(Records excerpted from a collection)

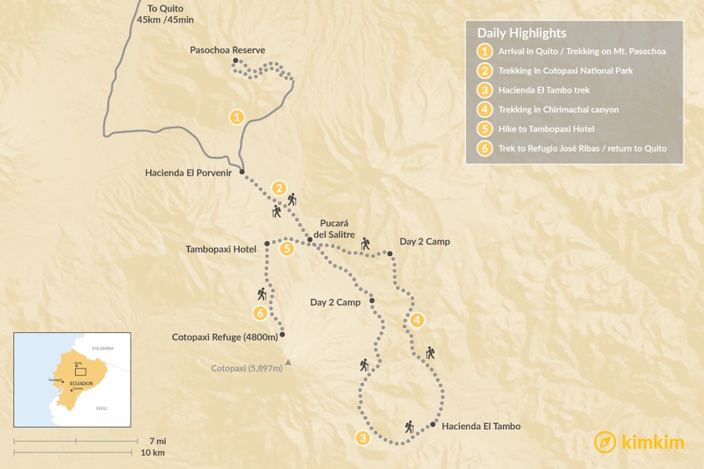 Map of Ecuador Volcano Trek – 6 Days
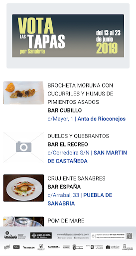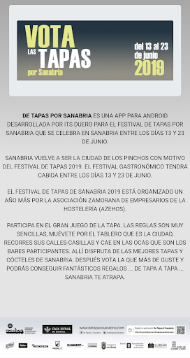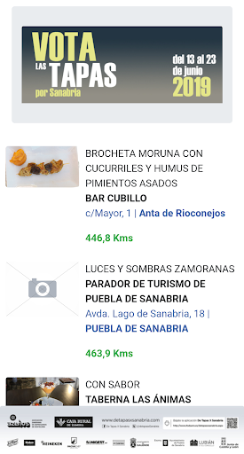 Aplicación que permite consultar los establecimientos y tapas participantes en esta edición de "De Tapas por Sanabria". Podrás consultar la distancia a la cual te encuentras de cada bar o restaurante, e incluso votar por cuále es tu tapa preferida.
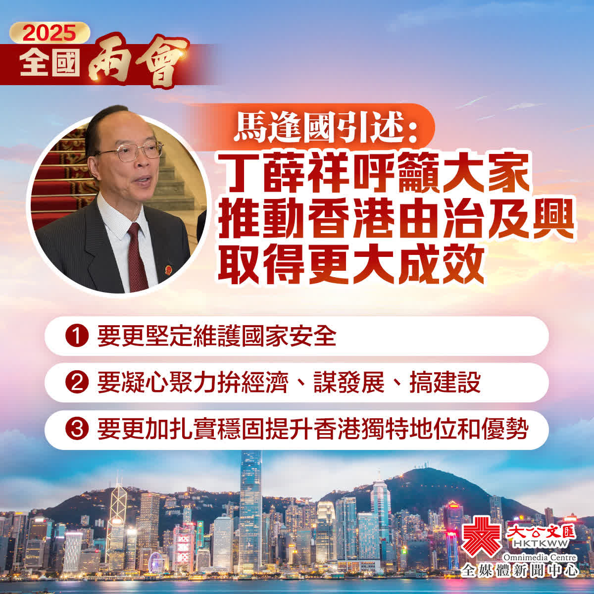 丁薛祥呼籲大家深入學習貫徹習主席講話精神,推動香港由治及興取得更大成效。首先要更堅定維護國家安全,其次要凝心聚力拚經濟、謀發展、搞建設,第三要更加扎實穩固提升香港獨特的地位和優勢。
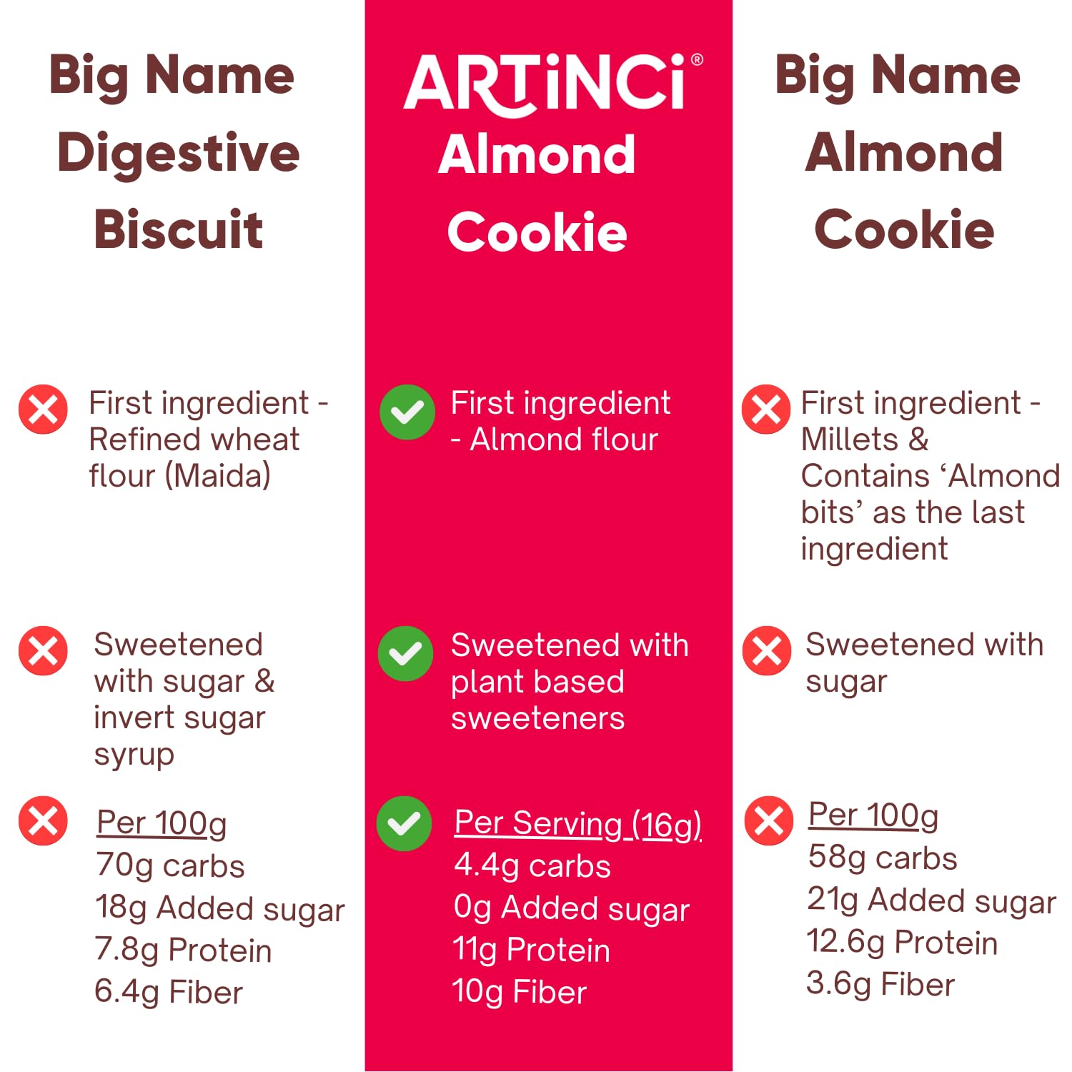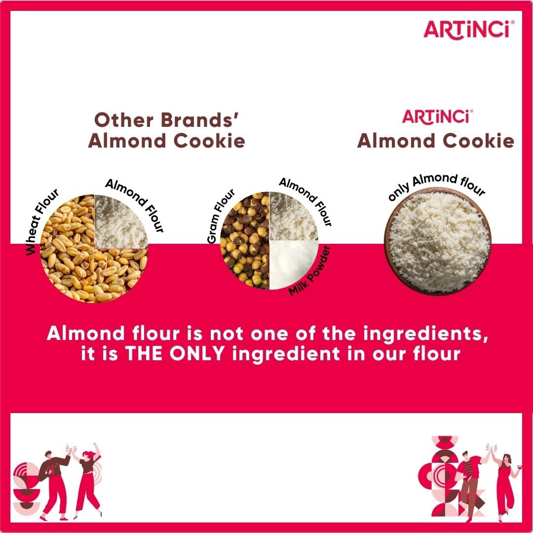 Artinci Keto Almond Cookies | As Seen on Shark Tank | 100% Almond Flour | Sugar Free Diabetic Friendly with High Protein & Fibre Diet Biscuits | Low GI & Carbs | Gluten Free (185g x Pack of 1)
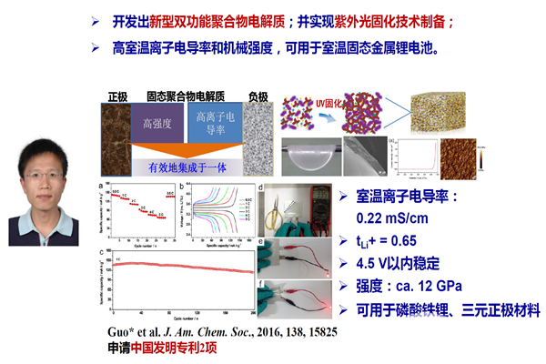在固态电池开发方面,5个团队取得了进展。化学所的郭玉国团队开发了聚(醚-丙烯酸酯)的聚合物固体电解质,耐受氧化电压是4.5伏。

Instructions for the task —
Extract word for word every line from the line that contains "Artinci Keto Almond" to the final line of the data, both included, and nothing else; skip the pictures.

Expected answer —
 Artinci Keto Almond Cookies | As Seen on Shark Tank | 100% Almond Flour | Sugar Free Diabetic Friendly with High Protein & Fibre Diet Biscuits | Low GI & Carbs | Gluten Free (185g x Pack of 1)
在固态电池开发方面,5个团队取得了进展。化学所的郭玉国团队开发了聚(醚-丙烯酸酯)的聚合物固体电解质,耐受氧化电压是4.5伏。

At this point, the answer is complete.